The story turned out to be more than a murder thriller than a paranormal one. Although there is one element that gives a supernatural distinction that sets it apart from the mainstream serial killer fare. The serial killer named Harper can travel through time with an aid of a house he magnificently stumbled upon in Chicago 1930’s. Harper is your typical psychotic serial killer. He kills the girls brutally while leaving relics to identify him by, which is quite egotistic on his part because with his time traveling ability, it’s one to a million that he will be caught unless he is that sloppy. He derives his kick from the gruesome acts and relishes the hunt. He feeds the house with the deaths of “shining girls”, girls who will make a difference in this world. I never quite got the explanation behind this force nor was his history uncovered.
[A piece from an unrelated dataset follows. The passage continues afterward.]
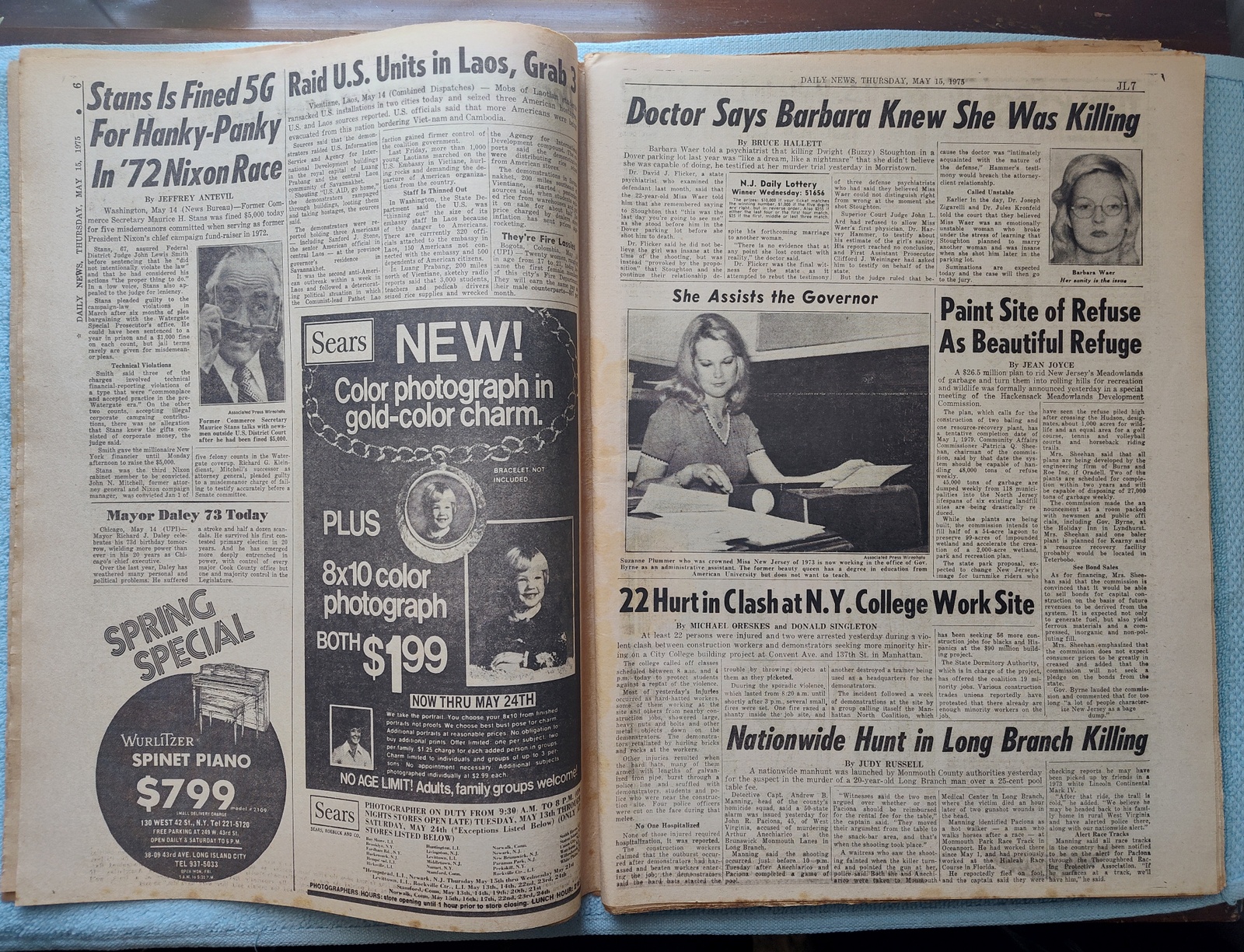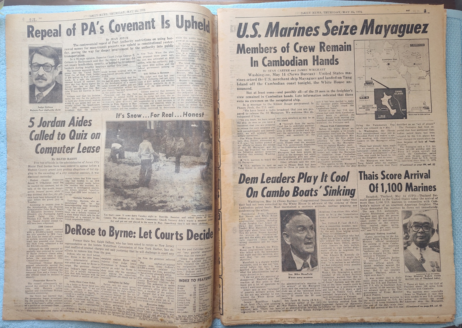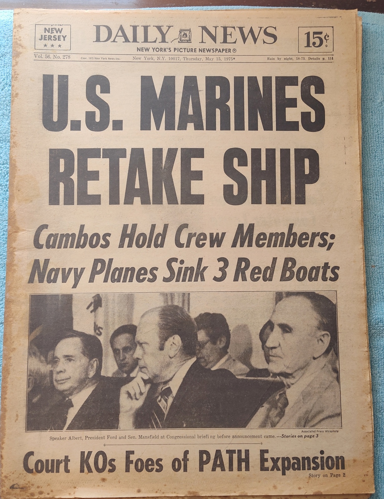 New York Daily News (New Jersey Edition) – Thursday, May 15, 1975. This old newspaper features on the front page a picture of President Ford, Speaker Albert, and Sen. Mansfield at the congressional briefing on the Mayaguez incident. The headline is: ‘U.S. Marines Retake Ship’ and ‘Cambos Hold Crew Members; Navy Planes Sink 3 Red Boats’ What you see in the pictures is what you get.

He started off as a sick serial killer and ended off as one.



He sets off killing girls in various eras, which gives the book a multitude of settings and landscapes. In some parts, you could empathize with Harper’s sense of power when he can wrong a right, visit places way before his time and witness the rise and fall of a period. One thing that centered on this story is by closing the unfinished loop when he failed to kill one girl named Kirby. Kirby, in her adult years, turned out to be this sarcastic scarred woman out to make sense and hunt her killer while working as an intern in a newspaper bureau. The two main characters, the victim and the killer, perform the confusing search dance hoping to collide with each other and close the gap.

This story is not your typical serial-murder story. At some points, the method of time traveling gives the order of the story complexity and detail. This book needs the reader’s full attention and imagination. It will also not serve answers but questions. What about this time traveling house? Why would the house need deaths of the shining girls? Why is Harper the way he is? Well, it’s best not to ask and embrace these given facts to be able to move on. It’s an interesting book, but it’s not for everybody. I might read it again sometime. It took me almost two weeks to finish it.